John Hume Lecture

In 2001, the Annual John Hume Lecture was inaugurated at the MacGill Summer School as a tribute to the social and political work done over the past decades by the then leader of the SDLP, and Nobel Laureate, John Hume.

The lecture is intended in particular to celebrate John Hume’s major contribution to defending constitutional politics and to the peace process, which brought about the power sharing government in Stormont with, as a result, political, social and economic stability in Northern Ireland. It is also in recognition of his work on behalf of the people of Northern Ireland in the Westminster parliament, the European parliament and in the US.

The inaugural lecture was delivered by Mr Hume himself and in the following years by:

  • the then Minister for Foreign Affairs, Mr. Brian Cowen TD,
  • the former Taoiseach, Dr. Garret Fitzgerald
  • the then President of the European Parliament, Mr. Pat Cox MEP,
  • the then Secretary of State for Northern Ireland, the Rt. Hon. Peter Hain MP
  • the then Police Ombudsman for Northern Ireland, Dame Nuala O’Loan
  • Fr. Alec Reid C.Ss.R and the former President of the Methodist Church, Revd. Harold Good (jointly),  peace activists who supervised IRA decommissioning
  • the then Minister of State, Dr Martin Mansergh TD
  • The Archbishop of Dublin, Dr Diarmuid Martin
  • The Deputy First Minister of the Northern Ireland Executive, Mr Martin McGuinness MP, MLA
  • An Taoiseach, Enda Kenny TD
  • the then Tánaiste and Minister for Foreign Affairs & Trade, Eamon Gilmore TD
  • Ms Emily O’Reilly, Ombudsman and Information Commissioner, and European Ombudsman
  • Dr Maurice Hayes, writer and public servant
  • Michael McDowell SC
  • Micheál Martin TD, Leader of Fianna Fáil



John Hume Lecture 2017

The John Hume Lecture 2017 will be delivered by Simon Coveney TD, Minister for Foreign Affairs & Trade.

Simon Coveney TD, Minister for Foreign Affairs and Trade, and Deputy Leader of Fine Gael since June 2017.  He was elected to Dáil Éireann in a by-election for Cork South Central in October 1998, following the death of his father Hugh.  Elected to the European Parliament from 2004 to 2007.  Led the Sail Chernobyl Project 30,000 miles around the world, raising £500,000 for the charity. Previously served as Minister for Housing, Planning, Community and Local Government, Minister for Agriculture, Food and the Marine, and Minister for Defence.





John Hume was born in Derry, 18 January 1937.  He was educated at St. Columb’s College in Derry and at St. Patrick’s College, Maynooth where he studied for the priesthood.

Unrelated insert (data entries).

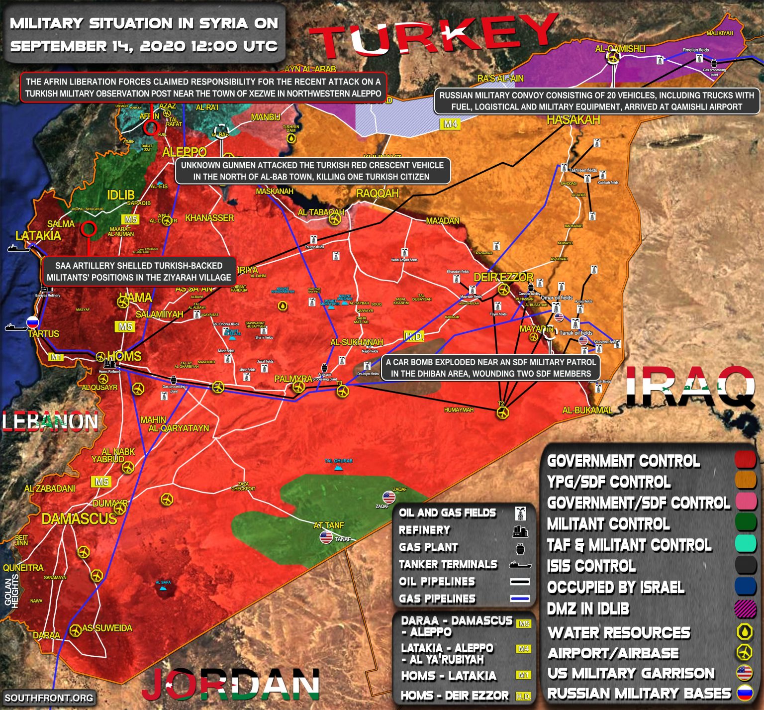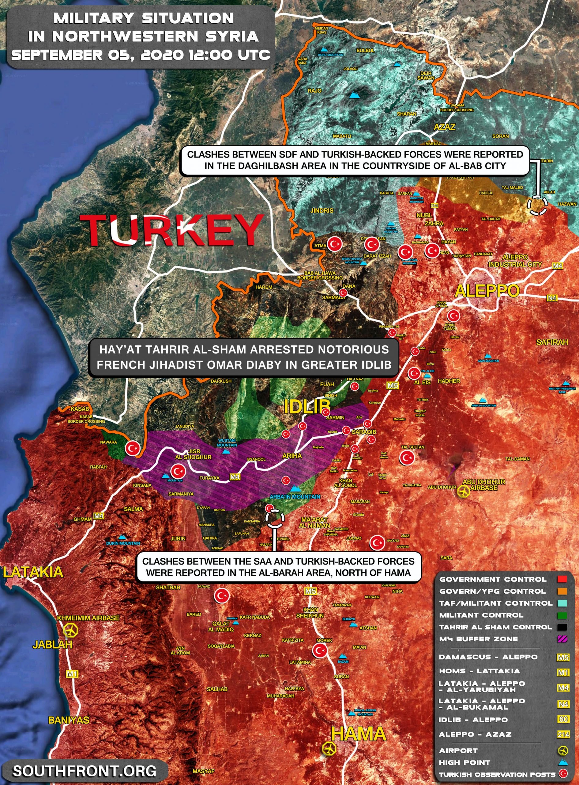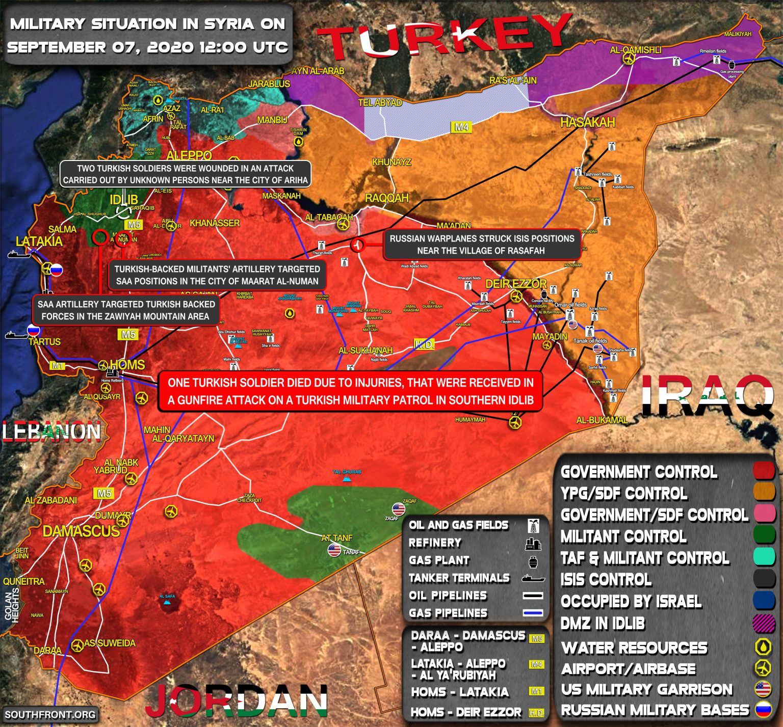 7. septembra členovia tureckej teroristickej skupiny Hayat Tahrir al-Sham ostreľovali pozície sýrskej armády neďaleko mesta Maarat al-Numan na juhu Idlibu. Sýrska armáda zasiahla v reakcii niekoľko teroristických pozícií v blízkosti kontaktnej línie.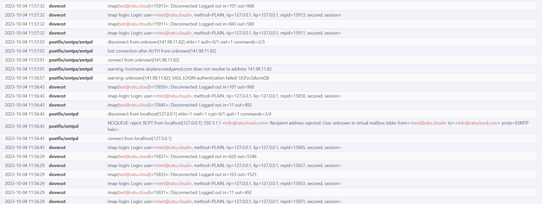Ist ja offenbar immer die selbe IP 141.98.11.82. Sieht nach Litauen aus. Da scheint jemand zu versuchen, Zugangsdaten für SMTP, also Mailversand, herauszufinden. Seinen PTR hat er gefaked, der Name löst nicht auf seine IP auf, sondern auf 45.79.133.252, irgendein "Internet-Research-Project", was wohl sein Tun verharmlosen soll. Im Erfolgsfall kann er dann Spam über deinen Server versenden, was nicht so lustig wäre angesichts der DNS-Blocklisten. Typischerweise werden da irgendwelche Passwortlisten durchprobiert. Man kann auch herausfinden, welcher User und Passwort angegeben wurden. Das muss man aber erst in Dovecot einstellen, habe ich bei zwei Servern mal gemacht, da sehe ich dann User & Passwort im Log. Sobald aber mal Kunden auf dem Server sind, sollte das natürlich aus Datenschutzgründen deaktiviert werden.
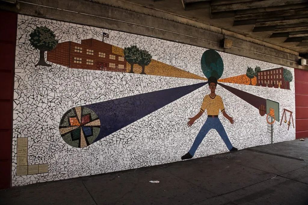 Location Note: Mural no longer on view at this location (removed in 2021).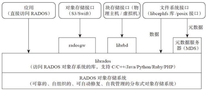 Ceph 主要分為應(yīng)用接口層、存儲(chǔ)基礎(chǔ)接口層、存儲(chǔ)對(duì)象層。接口層主要負(fù)責(zé)客戶端訪問(wèn),分為本地語(yǔ)言綁定接口、塊存儲(chǔ)設(shè)備接口和文件系統(tǒng)接口,展現(xiàn)了 Ceph 統(tǒng)一性。

He returned to Derry to become a teacher in the city.

He was one of the founder members of the Derry Credit Union which was the first credit union in Northern Ireland. From 1964-68, he served as President of the Credit Union League of Ireland. With Father Anthony Mulvey, he set up a housing association in Derry.  He got involved in the civil rights movement in the late 1960s and was elected independent member of the Northern Ireland Parliament at Stormont in 1969 and a Westminster MP in 1983.

He was a founder member of the SDLP in 1970 and succeeded Gerry Fitt as leader in 1979.  He was elected to the European Parliament in 1979.  He played a leading role in the setting up of the North’s first power sharing executive in 1973 in which he was appointed Minister for Commerce.

He was one of the prime movers behind the Anglo-Irish Agreement signed at Hillsborough in 1985 by British Prime Minister, Margaret Thatcher and Irish Taoiseach, Garret Fitzgerald.

John Hume, much to the dismay of many, became involved in talks with Sinn Féin leader, Gerry Adams, in the early 1990s which were ultimately to lead to the IRA ceasefire in 1994 and the signing of the Good Friday Agreement in 1998.  He was, with David Trimble, co-recipient of the Nobel Peace Prize in 1998.

John Hume retired as leader of the SDLP in 2001 and on 4 February 2004, announced his retirement from politics.

The Annual John Hume Lecture was inaugurated at the MacGill Summer School in 2001 with the inaugural lecture delivered by Mr. Hume himself.